De kashayasjerp bedekt onze lichamen; de verschillende voorschriften doordringen ons wezen. Wij hebben hen verkregen dankzij de diepgaande vriendelijkheid van onze leraren en ouderlingen. Als we een kleine verwezenlijking zoeken kunnen we slechts onszelf bevoordelen. Binnenin het Grote Voertuig is onze wens om alle wezens te bevoordelen. Op deze manier kunnen we zowel wereldlijke als wereldoverstijgende leraren en ouderlingen plezieren.

 

Dit is de derde reden en voorwaarde voor het voortbrengen van de aspiratie voor het verwezenlijken van Bodhi.

 

 

  1. De Vriendelijkheid van Donoren

 

Wat is indachtigheid van de vriendelijkheid van donoren? Geeneen van de materialen die we in ons dagelijks leven gebruiken behoord aan ons toe. Pap en rijst voor onze twee maaltijden, kledij voor de vier seizoenen, medicijnen voor onze ziekten – al de onkosten voor onze fysieke behoeften – worden bekostigd door de arbeid van anderen. Om ons te voorzien werken ze hard door de akkers om te ploegen, maar kunnen nauwelijks zelf rondkomen, terwijl wij comfortabel zitten om ons voedsel te ontvangen zijn we nog steeds ontevreden. Onze donoren spinnen en weven zonder te stoppen en ondergaan nog steeds ontberingen, terwijl wij comfortabel zijn met meer kleren dan dat we kunnen dragen. We zijn ons er zelfs ervan onbewust dat we datgene moeten koesteren dat we hebben.

 

Ze leven gedurende hun gehele levens in armzalige en nederige woningen tussen zenuwslopende herrie, terwijl wij in uitgestrekte binnenplaatsen en verlaten hallen verblijven te midden van verfijndheid en rust gedurende het gehele jaar. Ze offeren de vruchten van hun arbeid om onze ijdelheid te bekostigen; hoe kunnen onze harten vredig zijn? Is het redelijk om andermans zijn goederen te gebruiken om onze eigen lichamen te onderhouden? Als we falen om zowel meedogend en wijs te zijn en om onszelf te versieren met zowel zegeningen als wijsheid, zodat de gelovige donoren gezegend worden met vriendelijkheid en levende wezens verlossing verkrijgen, zelfs dan zal één rijstkorrel een schuld veroorzaken. Het zal moeilijk zijn om aan een slechte vergelding te ontsnappen.

 

Dit is de vierde reden en voorwaarde voor het voortbrengen van de aspiratie voor het verwezenlijken van Bodhi.

 

 

  1. De Vriendelijkheid van Levende Wezens

 

Wat is indachtigheid van de vriendelijkheid van levende wezens?
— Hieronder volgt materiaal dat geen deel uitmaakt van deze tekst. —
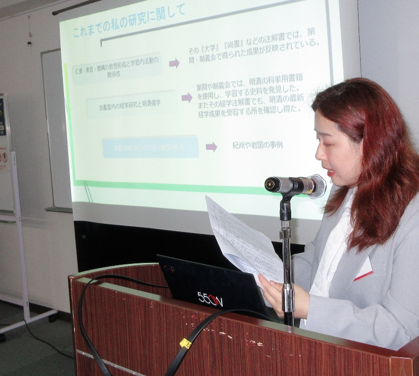 石运老师在会议上做了题为《转型时期的古义堂与伊藤兰嵎》的学术报告。报告中详细介绍了日本江户时期最具影响力的儒学塾——古义堂在18世纪中期的发展情况及其面临的危机,同时就活跃于此时期的古义堂第三代学者伊藤兰嵎的学说思想及其贡献进行了探讨。报告中还指出21世纪的古义堂研究应当更加重视对后期古义堂的活动及其社会关系网络的研究,以便于进一步理解古义堂及古义学对日本乃至东亚的儒学思想及社会文教系统发展之影响(上述系列研究受到了重庆市社会科学规划外语专项2023WYZX37资助)。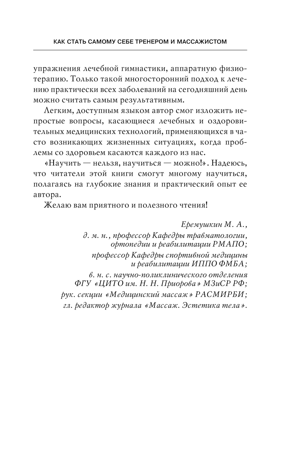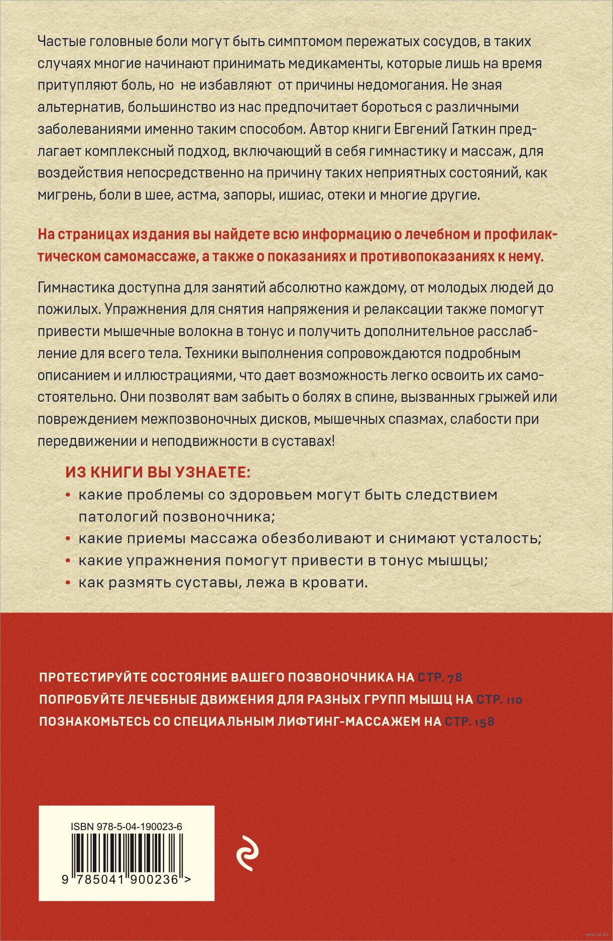 Не можете "разогнуться" с утра, вставая с кровати? Боль в спине мучает внезапными приступами и вынуждает использовать трость? Постоянные отеки и общая усталость? Автор книги уверен, чтобы избавиться от этих неприятных симптомов, нужен комплексный подход, включающий не только современные медицинские технологии, но и работу над собой. На страницах книги вы познакомитесь с техниками самомассажа и гимнастики, которые содержат специальные приемы мышечной тренировки, пассивную гимнастику и самомассаж, занятия для восстановления анатомических соотношений в позвоночнике, комплекс суставной гимнастики и лечебные ванны. Благодаря ним вы сможете укрепить мышцы без лишней нагрузки, восстановить здоровье суставов и вернуть своему телу легкость в движении. А также вы узнаете, как с помощью массажа воздействовать на нервную систему, как быстро снять дискомфорт в мышцах при перенапряжении и какие виды занятий в зависимости от поставленного диагноза подойдут именно вам.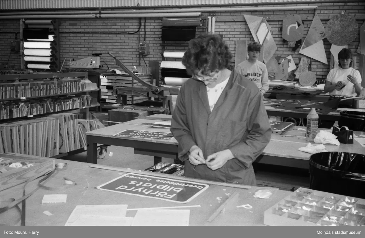 Plast & Plåt vägmärken AB på Bangårdsvägen 49 i Kållered, år 1983. "Teresa Darenvald jobbar med textning av skyltar."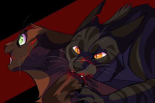 During the fire, Squirrelflight is leading the three to safety before Jaystrike takes this opportunity to kill squirrelflight since she was severely wounded in the eclipse battle and reveals to his siblings their real parentage, hoping they’ll join him and breezepelt. Instead, Lionblaze and Hollyleaf later agree Jaystrike r and Breezepelt have to be stopped, from this point Hollyleaf acts as a spy on Jaystrike’s dreams. Jaystrike marks squirrelflight’s body with an ‘x’ mark and leaves a dead rabbit by her body after everyone’s gone.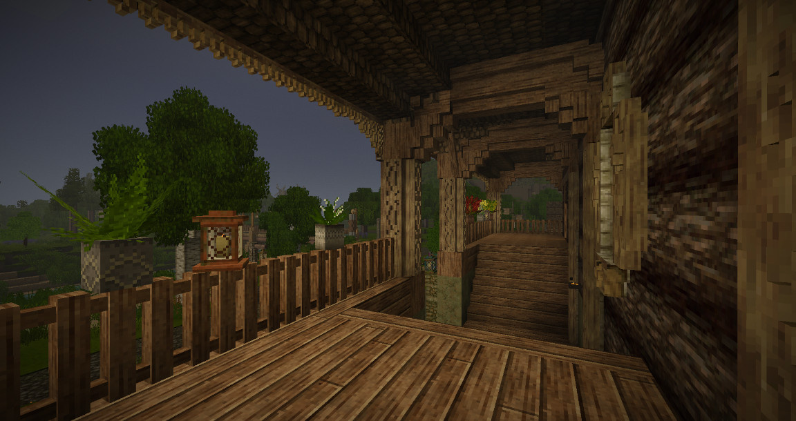 A chimney (possibly decorative), small dormers, and flower boxes for the exterior windows. A large porch could be added to the main entrance. A large terrace with a tiled roof, potted plants, lanterns, carved benches, and tea tables could be added to the ground floor.

Tijdens leven na leven vanaf lang verstreken kalpa’s ben ik en ieder ander levend wezen elkaars vader en moeder geweest. We zijn goed voor elkaar geweest. Ook al heeft het verstrijken van tijd ons nu gescheiden en in onze verwardheid herkennen we elkaar niet meer, het is enkel logisch dat we hen terugbetalen voor hun moeite. Hoe kunnen we weten of dat we gedurende vorige levens zonen waren van degene die nu vacht en hoorns dragen? Hoe kunnen we weten of dat degene die nu over de vloer kruipen en in de lucht vliegen niet onze vaders waren gedurende vorige levens?

 

Onze ouders waakte onafgebroken over ons maar we verlieten hen toen we jong waren; we zijn opgegroeid en zijn hun gezichten vergeten. Hoeveel minder herinneren we onze families en vrienden van vorige leven, en nu is het moeilijk om ons te herinneren of we eens Smith of Jones hebben geheten. Terwijl onze voorouders in de hellen huilen en schreeuwen of continue als hongerige geesten worden herboren, wie is zich bewust van hun lijden en pijn? Ze vergaan van de honger; wie hoort hun smeekbede? Ik kan hun niet zien of horen maar ze moeten naar redding en bevrijding aan het zoeken zijn. De Soetra’s verhelderen deze situatie met uitzonderlijke helderheid. Enkel de Boeddha kan deze woorden gesproken hebben. Hoe kunnen mensen met onjuiste zienswijzen zich hiervan bewust zijn?

 

Om deze redenen zien Bodhisattva’s, dat zelfs maden en mieren hun ouders waren in vorige levens en de potentie hebben om in de toekomst Boeddha’s te worden. Ze bedenken altijd manieren om hen te helpen en herinneren om hun vriendelijkheid terug te betalen.

 

Dit is de vijfde reden en voorwaarde voor het voortbrengen van de aspiratie voor het verwezenlijken van Bodhi.

 

 

  1. Het Lijden in Geboorte en Sterven

 

Wat is indachtigheid van het lijden in geboorte en sterven? Sinds verre kalpa’s in het verleden zijn levende wezens en ik altijd verwikkeld geweest in geboorte en sterven en hebben geen bevrijding verkregen. Ofwel onder mensen of in de hemelen, in deze wereld of een andere, we zijn ontelbare keren gestegen en gedaald. We stijgen of dalen in een ogenblik – plotseling een god, plotseling een mens, plotseling een dier, een hongerige geest of een bewoner van de hellen.

 

We verlaten de zwarte poort in de ochtend maar keren s’avonds terug. We klimmen voor een korte tijd uit de put van ijzer maar vallen er dan weer terug in. Terwijl we de berg van messen beklimmen worden onze lichamen gesneden totdat er geen enkel stukje vlees overblijft. Bij het beklimmen van de boom van zwaarden worden onze harten opengesneden. Het hete ijzer stilt onze honger niet; bij het doorslikken worden de lever en ingewanden verbrand. Het brouwsel van kokend koper lest onze dorst niet; bij het drinken wordt het vlees en de botten opgelost. Scherpen zagen zagen het lichaam aan stukken; eenmaal in stukken komt het weer samen. Slimme winden blaast het lichaam; het sterft maar keert weer snel terug tot leven. In de stad van razend vuur, ondergaan we de geluiden van bloedstollende kreten en gejammer. In de pot van kokend olie horen we enkel geschreeuw van ondragelijke pijn. Het lichaam begint te bevriezen en te verharden en lijkt op een blauwe lotusbloem die een knop vormt. Dan breekt het vlees en de adders open zodat het lichaam op een rode lotusbloem in bloei lijkt.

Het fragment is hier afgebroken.